After processing the message you need to call the KDBUS_CMD_FREE
ioctl, which releases the message from the pool, and allows the kernel
to store another message there. Note that the memory used by the pool
is normal anonymous, swappable memory that is backed by tmpfs. Hence
there is no need to copy the message out of it quickly, instead you
can just leave it there as long as you need it and release it via the
FREE ioctl only after that's done.

BLOOM FILTERS

The kernel does not understand dbus marshalling, it will not look into
the message payload. To allow clients to subscribe to specific subsets
of the broadcast matches we emply bloom filters.

When broadcasting messages a bloom filter needs to be attached to the
message in a KDBUS_ITEM_BLOOM item (and only for broadcasting
messages!). If you don't know what bloom filters are, read up now on
Wikipedia. In short: they are a very efficient way how to
probabilistically check whether a certain word is contained in a
vocabulary. It knows no false negatives, but it does know false
positives.

The bloom filter that needs to be included has the parameters m=512
(bits in the filter), k=8 (nr of hash functions). The underlying hash
function is SipHash-2-4. We calculate two hash values for an input
strings, one with the hash key b9660bf0467047c18875c49c54b9bd15 (this
is supposed to be read as a series of 16 hexadecimially formatted
bytes), and one with the hash key
aaa154a2e0714b39bfe1dd2e9fc54a3b. This results in two 64bit hash
values, A and B. The 8 hash functions for the bloom filter require a 9
bit output each (since m=512=2^9), to generate these we XOR combine
the first 8 bit of A shifted to the left by 1, with the first 8 bit of
B. Then, for the next hash function we use the second 8 bit pair, and
so on.

For each message to send across the bus we populate the bloom filter
with all possible matchable strings. If a client then wants to
subscribe to messages of this type it simply tells the kernel to test
its own calculated bit mask against the bloom filter of each message.

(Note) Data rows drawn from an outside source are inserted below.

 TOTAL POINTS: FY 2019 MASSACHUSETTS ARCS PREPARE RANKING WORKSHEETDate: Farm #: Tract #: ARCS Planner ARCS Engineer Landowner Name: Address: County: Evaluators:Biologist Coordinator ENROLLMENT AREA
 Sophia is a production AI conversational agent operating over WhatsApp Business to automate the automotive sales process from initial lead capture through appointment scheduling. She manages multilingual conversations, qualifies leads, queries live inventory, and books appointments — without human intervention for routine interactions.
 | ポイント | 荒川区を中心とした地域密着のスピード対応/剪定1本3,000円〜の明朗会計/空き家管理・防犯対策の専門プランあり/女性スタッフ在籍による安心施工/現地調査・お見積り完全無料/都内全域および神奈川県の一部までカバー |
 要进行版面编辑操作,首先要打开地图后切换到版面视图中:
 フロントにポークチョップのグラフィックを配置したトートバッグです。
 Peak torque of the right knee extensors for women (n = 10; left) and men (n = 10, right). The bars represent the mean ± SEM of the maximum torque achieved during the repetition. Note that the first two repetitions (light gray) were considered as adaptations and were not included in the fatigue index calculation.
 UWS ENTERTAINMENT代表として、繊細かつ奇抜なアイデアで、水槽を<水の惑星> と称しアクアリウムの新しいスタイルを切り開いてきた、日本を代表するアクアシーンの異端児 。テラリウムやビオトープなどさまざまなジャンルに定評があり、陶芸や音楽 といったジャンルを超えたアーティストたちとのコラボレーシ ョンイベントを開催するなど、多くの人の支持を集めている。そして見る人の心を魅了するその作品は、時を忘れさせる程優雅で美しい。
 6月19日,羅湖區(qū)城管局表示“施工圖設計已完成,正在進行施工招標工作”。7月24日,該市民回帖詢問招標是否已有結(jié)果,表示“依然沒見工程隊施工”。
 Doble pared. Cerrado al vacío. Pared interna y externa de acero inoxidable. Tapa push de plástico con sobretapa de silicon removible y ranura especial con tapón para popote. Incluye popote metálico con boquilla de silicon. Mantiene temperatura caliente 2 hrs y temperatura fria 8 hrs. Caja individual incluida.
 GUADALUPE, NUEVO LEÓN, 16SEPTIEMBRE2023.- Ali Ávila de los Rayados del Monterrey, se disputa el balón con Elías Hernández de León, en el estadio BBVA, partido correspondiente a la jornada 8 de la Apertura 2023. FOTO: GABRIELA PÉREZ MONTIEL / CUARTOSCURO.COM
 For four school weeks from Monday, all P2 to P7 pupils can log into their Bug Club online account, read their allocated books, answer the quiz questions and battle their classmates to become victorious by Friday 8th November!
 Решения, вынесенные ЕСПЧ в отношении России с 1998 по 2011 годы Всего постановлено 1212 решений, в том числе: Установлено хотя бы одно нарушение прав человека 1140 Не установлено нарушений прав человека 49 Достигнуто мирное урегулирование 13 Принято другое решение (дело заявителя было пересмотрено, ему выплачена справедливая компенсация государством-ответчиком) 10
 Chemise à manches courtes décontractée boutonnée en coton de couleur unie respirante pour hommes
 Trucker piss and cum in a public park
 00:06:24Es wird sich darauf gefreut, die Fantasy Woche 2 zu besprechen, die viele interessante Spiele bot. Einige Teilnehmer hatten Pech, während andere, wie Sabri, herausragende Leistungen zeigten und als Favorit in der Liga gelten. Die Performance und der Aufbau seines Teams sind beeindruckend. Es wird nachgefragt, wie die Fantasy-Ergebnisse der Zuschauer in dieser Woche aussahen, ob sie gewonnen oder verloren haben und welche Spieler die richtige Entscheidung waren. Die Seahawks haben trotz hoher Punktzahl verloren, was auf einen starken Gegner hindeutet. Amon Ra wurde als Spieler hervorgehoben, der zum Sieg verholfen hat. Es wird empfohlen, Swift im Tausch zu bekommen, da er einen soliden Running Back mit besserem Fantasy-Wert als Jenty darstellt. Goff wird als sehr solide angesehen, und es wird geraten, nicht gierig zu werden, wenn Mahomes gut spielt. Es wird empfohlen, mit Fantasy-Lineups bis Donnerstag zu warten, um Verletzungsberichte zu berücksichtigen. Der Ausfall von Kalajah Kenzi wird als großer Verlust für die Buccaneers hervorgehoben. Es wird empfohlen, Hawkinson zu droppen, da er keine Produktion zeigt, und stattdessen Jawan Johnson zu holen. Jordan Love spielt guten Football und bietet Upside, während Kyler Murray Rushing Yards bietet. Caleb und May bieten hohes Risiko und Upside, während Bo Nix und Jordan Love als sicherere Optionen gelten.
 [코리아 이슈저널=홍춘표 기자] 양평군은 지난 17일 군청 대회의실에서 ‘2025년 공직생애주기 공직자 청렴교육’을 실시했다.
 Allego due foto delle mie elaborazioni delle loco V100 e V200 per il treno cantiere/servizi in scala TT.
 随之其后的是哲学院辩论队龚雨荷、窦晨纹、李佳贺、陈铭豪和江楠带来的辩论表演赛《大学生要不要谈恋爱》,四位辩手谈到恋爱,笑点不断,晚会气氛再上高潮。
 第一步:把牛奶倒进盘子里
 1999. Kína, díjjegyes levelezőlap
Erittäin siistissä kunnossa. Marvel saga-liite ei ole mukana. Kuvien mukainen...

More specifically the following strings are added to the bloom filter
of each message that is broadcast:

  The string "interface:" suffixed by the interface name

  The string "member:" suffixed by the member name

  The string "path:" suffixed by the path name

  The string "path-slash-prefix:" suffixed with the path name, and
  also all prefixes of the path name (cut off at "/"), also prefixed
  with "path-slash-prefix".

  The string "message-type:" suffixed with the strings "signal",
  "method_call", "error" or "method_return" for the respective message
  type of the message.

  If the first argument of the message is a string, "arg0:" suffixed
  with the first argument.

  If the first argument of the message is a string, "arg0-dot-prefix"
  suffixed with the first argument, and also all prefixes of the
  argument (cut off at "."), also prefixed with "arg0-dot-prefix".

  If the first argument of the message is a string,
  "arg0-slash-prefix" suffixed with the first argument, and also all
  prefixes of the argument (cut off at "/"), also prefixed with
  "arg0-slash-prefix".

  Similar for all further arguments that are strings up to 63, for the
  arguments and their "dot" and "slash" prefixes. On the first
  argument that is not a string addition to the bloom filter should be
  stopped however.

(Note that the bloom filter does not container sender nor receiver
names!)

When a client wants to subscribe to messages matching a certain
expression it should calculate the bloom mask following the same
algorithm. The kernel will then simply test the mask againt the
attached bloom filters.

Note that bloom filters are probabilistic, which means that clients
might get messages they did not expect. You bus protocol
implementation must be capable of dealing with these unexpected
messages (which it needs to anyway, given that transfers are
relatively unrestricted on kdbus and people can send you all kinds of
non-sense.).

INSTALLING MATCHES

To install matches for broadcast messages use the KDBUS_CMD_ADD_MATCH
ioctl. It takes a structure that contains an encoded match expression,
and that is followed by one or more items, which are combined in an
AND way. (Meaning: a messages is matched exactly when all items
attached to the original ioctl struct match).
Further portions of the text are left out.